Francis Picabia (Kids)

*Idylle (Idyll)*

Francis Picabia. Idylle (Idyll). 1927 6570

Francis Picabia. Idylle (Idyll). 1927. Oil and enamel paint on wood, in a frame by Pierre Legrain, 44 5/16 × 32 1/2 × 2 15/16″ (112.5 × 82.5 × 7.5 cm), with frame. Musée de Grenoble. Gift of Jacques Doucet, 1931. © 2016 Artist Rights Society (ARS), New York/ADAGP, Paris. Photo © Musée de Grenoble

Anne Umland: I think this painting is so funny.

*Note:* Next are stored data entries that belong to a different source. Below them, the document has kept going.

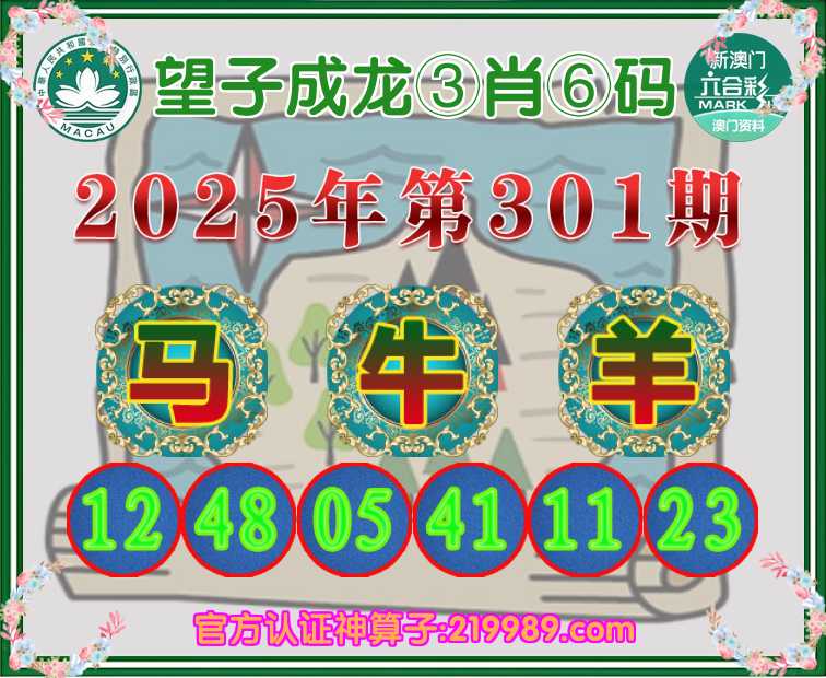 301期:『望子成龙』 ♣️③肖⑥码♣️【马羊】开:牛05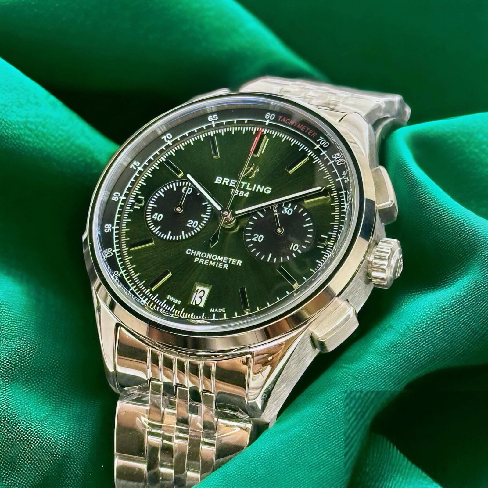 Dive into the world of luxury with the Breitling Premier B01 42mm Green Sunray Dial Chronograph Watch. A symbol of precision and elegance, this watch is not just a timekeeper but a statement of style and functionality.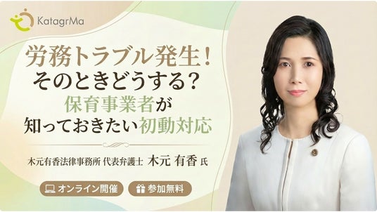 株式会社カタグルマ(本社:東京都千代田区、代表取締役社長/CEO:大嶽 広展)は、2026年2月17日(火)・18日(水)の2日間、保育事業者を対象としたオンラインセミナー『労務トラブル発生!そのときどうする?保育事業者が知っておきたい初動対応』を開催いたします。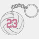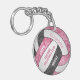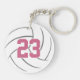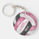 This custom team colours volleyball keychain features the realistic image of a volleyball that has a floral kaleidoscopic pattern blended with its pink and black panels - her name, court position, team name and school / club year are customisable on the front, as is her jersey number on the back overlying a simple volleyball seams graphic - by katz_d_zynes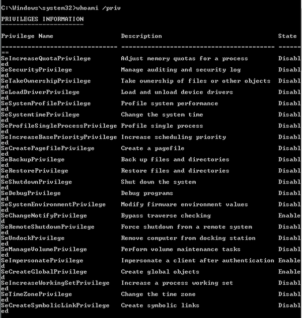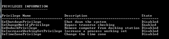 Privilege Name项表示具有的权限,State表示权限的状态,我们可以通过WinAPI AdjustTokenPrivileges将权限设置为Disabled或者Enabled

You can see buildings in the man's head, and you can see, in the woman's body, these boats that seem to float right on top of her. Plus the bright blue color of the background extends right into the heads and faces of the couple, making it seem as though you can see right through them.

Picabia made his couple look even stranger by painting these long black lines on the man's face, like he has some sort of odd tattoo. And strangest of all, he gave the woman two pairs of eyes and two pairs of lips.

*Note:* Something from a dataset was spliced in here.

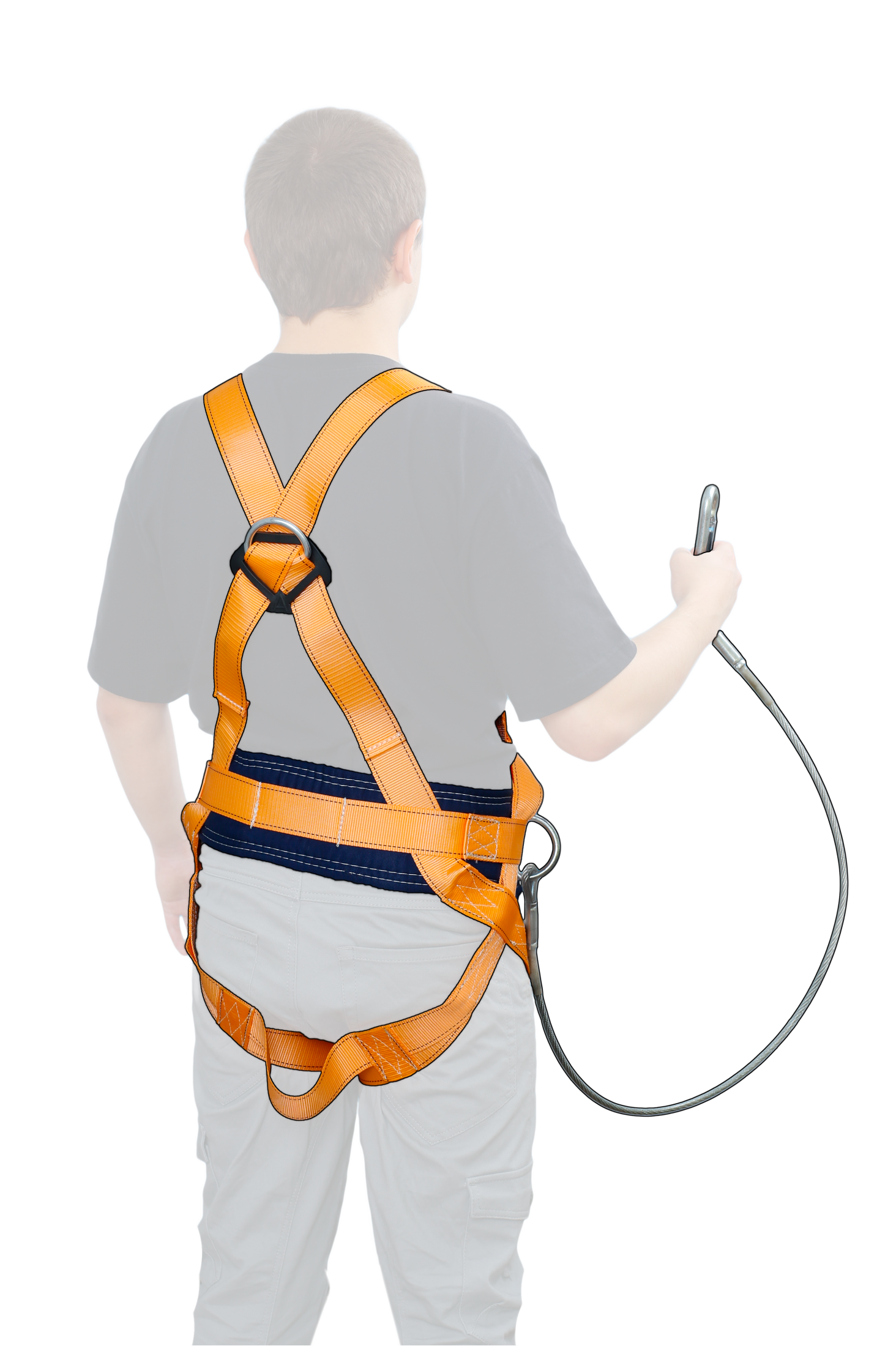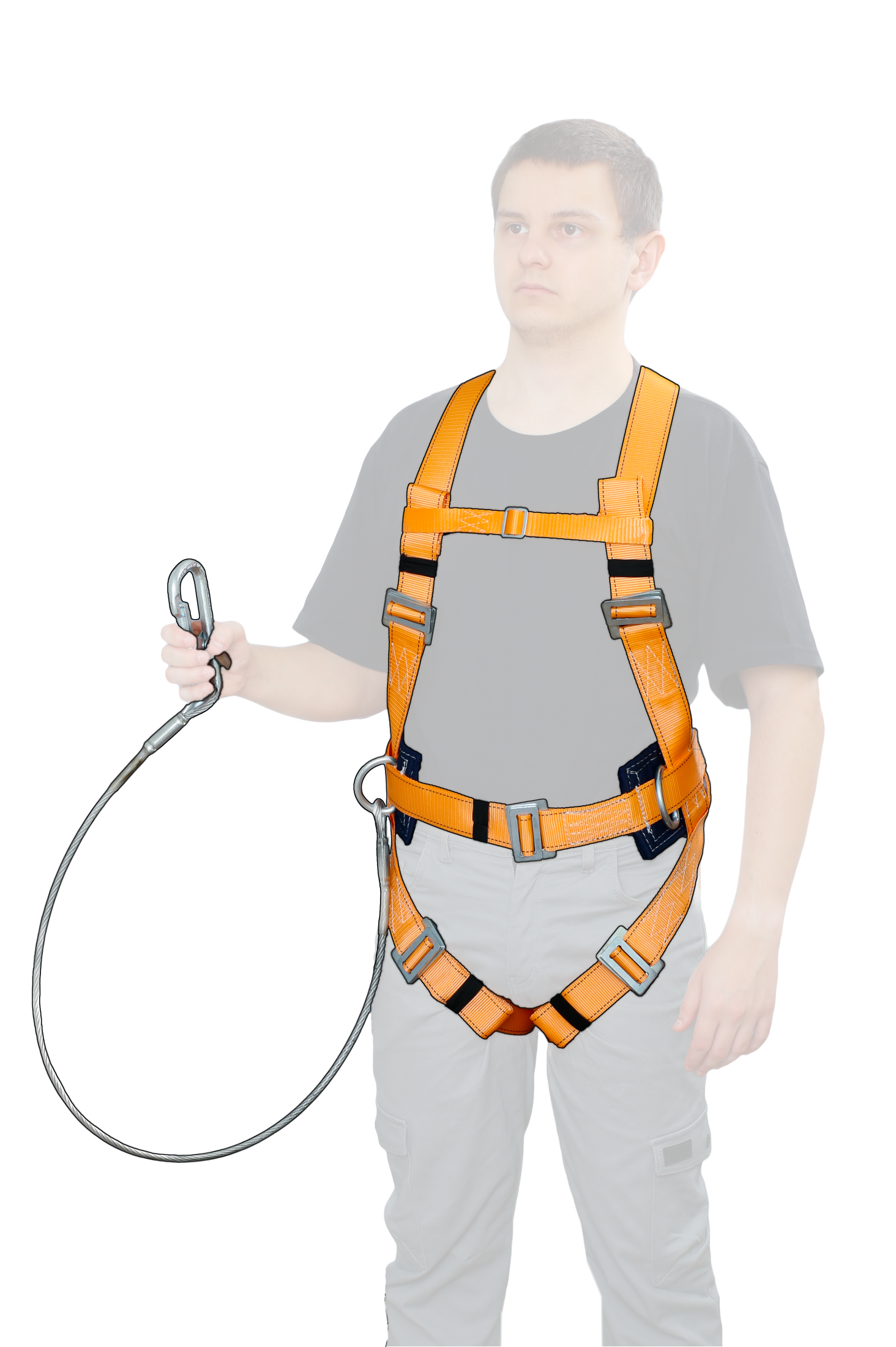Страховочная привязь с наплечными и набедренными лямками- компонент страховочной системы для охвата тела человека с целью защиты тела работника при непредвиденном падении с высоты. Высокий (150мм) прошитый кушак обеспечивает максимальное удобство при длительном выполнении работ. Имеет три элемента крепления: два D-образных элемента крепления расположены по бокам привязи и одно на спине. Наличие регулируемых застёгивающих пряжек на наплечных и набедренных лямках позволяет за минимально короткое время подогнать привязь по размеру. Наличие вспомогательной ленты с застёжкой на груди позволяют быстро отстегуть и пристегнуть привязь. Строп подбирается, исходя из специфики задач. Рекомендуется использовать стропы с амортизатором для уменьшения силы рывка при падении.

Did you notice that the woman's eyes, each one of them seems to be looking in a different direction? Can you make your eyes do that? I can't. I think like so much else in the picture, its effect is meant to make you wonder, what on earth is going on?

Narrator: Picabia called this painting Idylle. That’s French for a happy, peaceful place.

Anne Umland: I think Picabia leaves it up to us to decide whether that title suits this brightly-colored painting. Do you think the couple are happy, or are they sad, or are they somewhere in between?